** Input records follows **

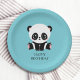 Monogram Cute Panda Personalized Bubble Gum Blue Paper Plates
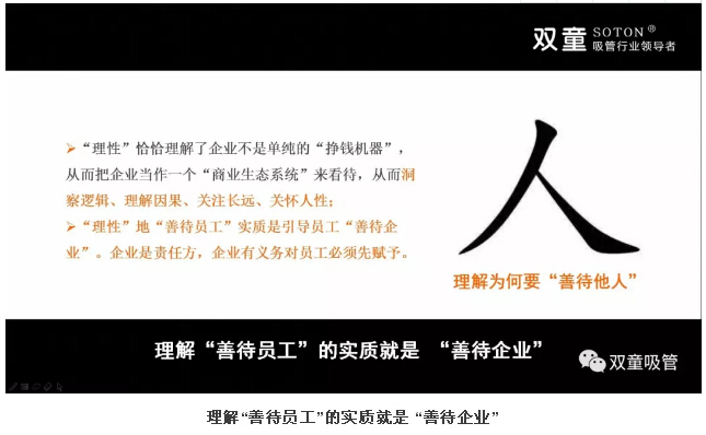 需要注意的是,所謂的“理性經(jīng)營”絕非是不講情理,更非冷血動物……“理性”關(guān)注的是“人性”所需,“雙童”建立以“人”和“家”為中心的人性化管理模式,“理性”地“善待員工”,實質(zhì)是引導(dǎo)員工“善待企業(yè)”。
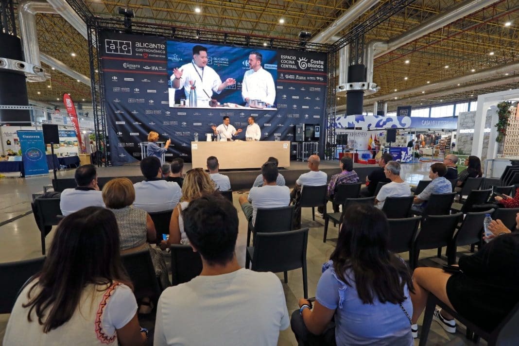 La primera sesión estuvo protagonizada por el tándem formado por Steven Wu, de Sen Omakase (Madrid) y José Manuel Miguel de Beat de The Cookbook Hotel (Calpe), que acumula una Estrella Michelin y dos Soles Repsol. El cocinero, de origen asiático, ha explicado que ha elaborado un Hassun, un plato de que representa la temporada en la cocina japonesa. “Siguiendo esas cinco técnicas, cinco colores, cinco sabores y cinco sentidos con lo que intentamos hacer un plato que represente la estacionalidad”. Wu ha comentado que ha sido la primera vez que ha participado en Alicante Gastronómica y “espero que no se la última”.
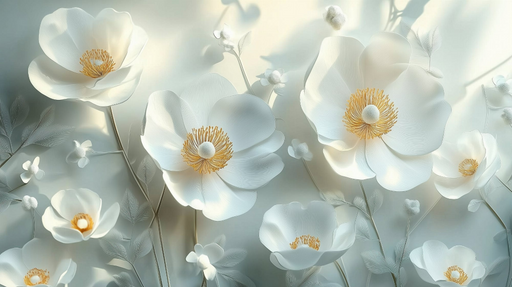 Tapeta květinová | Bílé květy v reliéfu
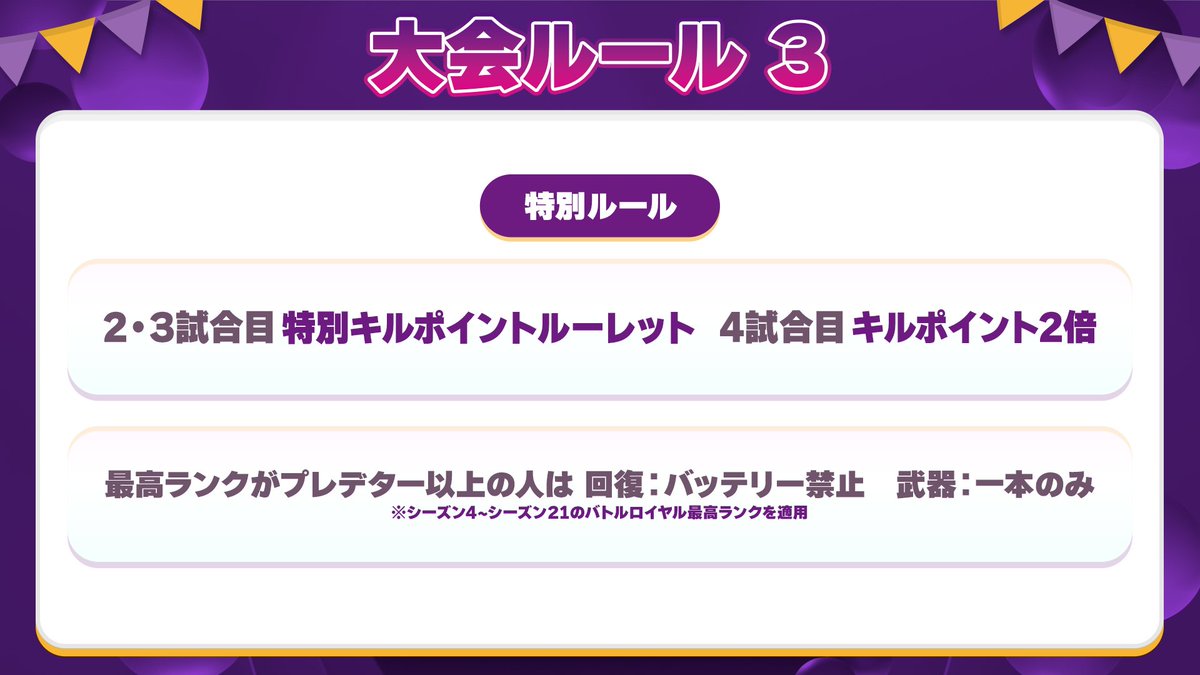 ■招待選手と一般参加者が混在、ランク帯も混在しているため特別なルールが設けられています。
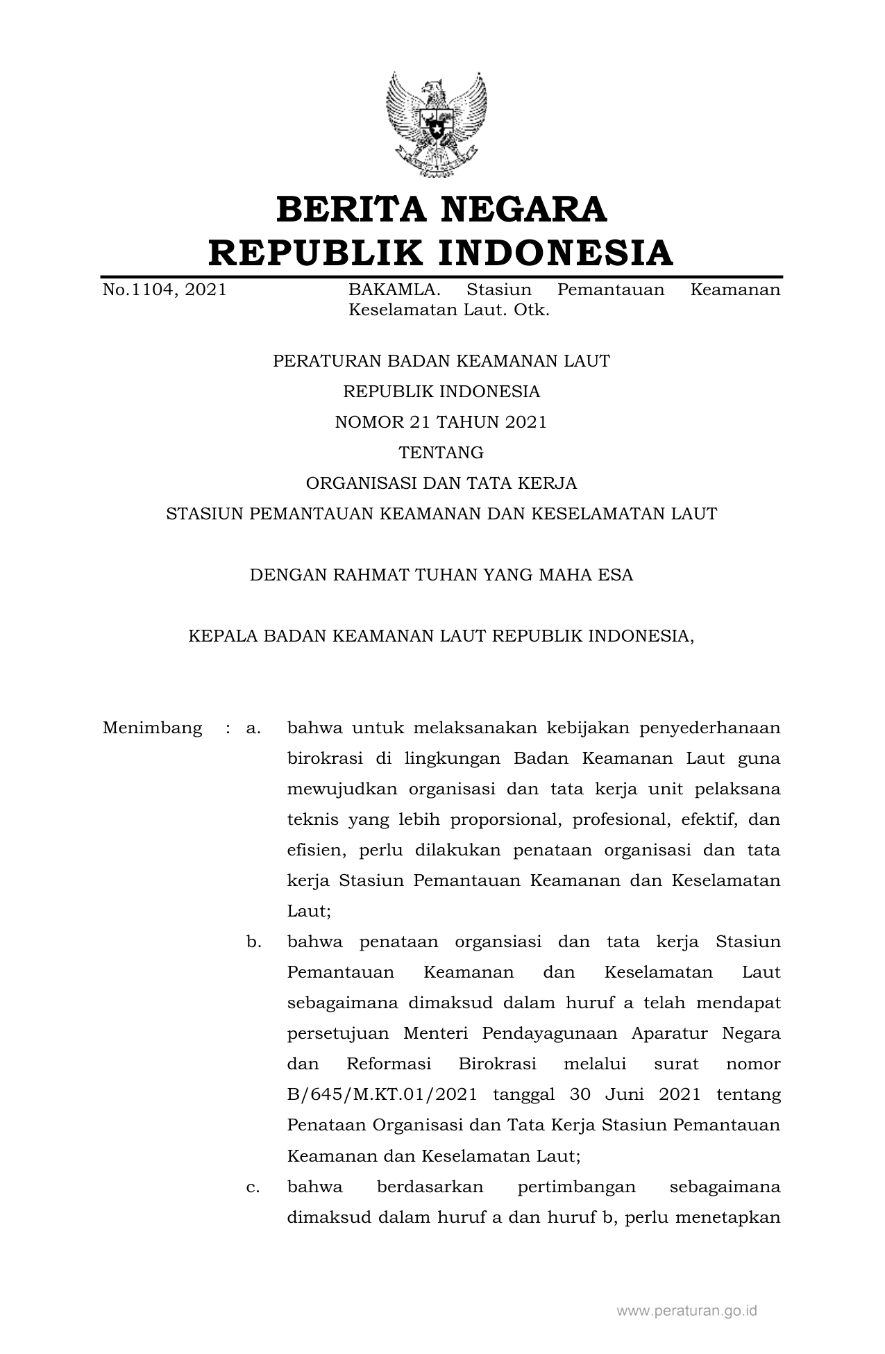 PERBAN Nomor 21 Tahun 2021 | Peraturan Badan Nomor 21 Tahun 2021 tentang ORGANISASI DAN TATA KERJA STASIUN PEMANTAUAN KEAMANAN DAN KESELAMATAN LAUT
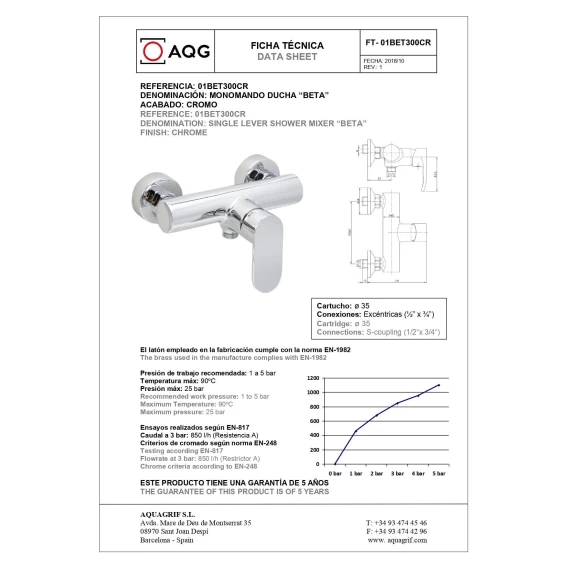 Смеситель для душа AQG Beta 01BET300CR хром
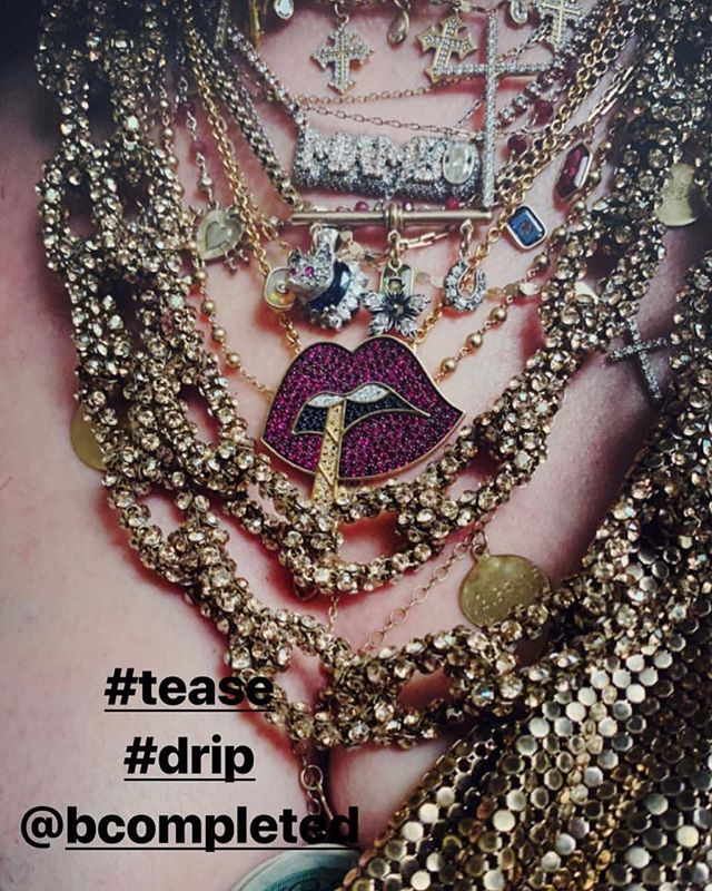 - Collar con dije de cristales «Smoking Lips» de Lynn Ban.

** End of Input records **

# Directions
When you repeat the records, reproduce each line exactly and drop the images.

# Response area
 Monogram Cute Panda Personalized Bubble Gum Blue Paper Plates
 需要注意的是,所謂的“理性經(jīng)營”絕非是不講情理,更非冷血動物……“理性”關(guān)注的是“人性”所需,“雙童”建立以“人”和“家”為中心的人性化管理模式,“理性”地“善待員工”,實質(zhì)是引導(dǎo)員工“善待企業(yè)”。
 La primera sesión estuvo protagonizada por el tándem formado por Steven Wu, de Sen Omakase (Madrid) y José Manuel Miguel de Beat de The Cookbook Hotel (Calpe), que acumula una Estrella Michelin y dos Soles Repsol. El cocinero, de origen asiático, ha explicado que ha elaborado un Hassun, un plato de que representa la temporada en la cocina japonesa. “Siguiendo esas cinco técnicas, cinco colores, cinco sabores y cinco sentidos con lo que intentamos hacer un plato que represente la estacionalidad”. Wu ha comentado que ha sido la primera vez que ha participado en Alicante Gastronómica y “espero que no se la última”.
 Tapeta květinová | Bílé květy v reliéfu
 ■招待選手と一般参加者が混在、ランク帯も混在しているため特別なルールが設けられています。
 PERBAN Nomor 21 Tahun 2021 | Peraturan Badan Nomor 21 Tahun 2021 tentang ORGANISASI DAN TATA KERJA STASIUN PEMANTAUAN KEAMANAN DAN KESELAMATAN LAUT
 Смеситель для душа AQG Beta 01BET300CR хром
 - Collar con dije de cristales «Smoking Lips» de Lynn Ban.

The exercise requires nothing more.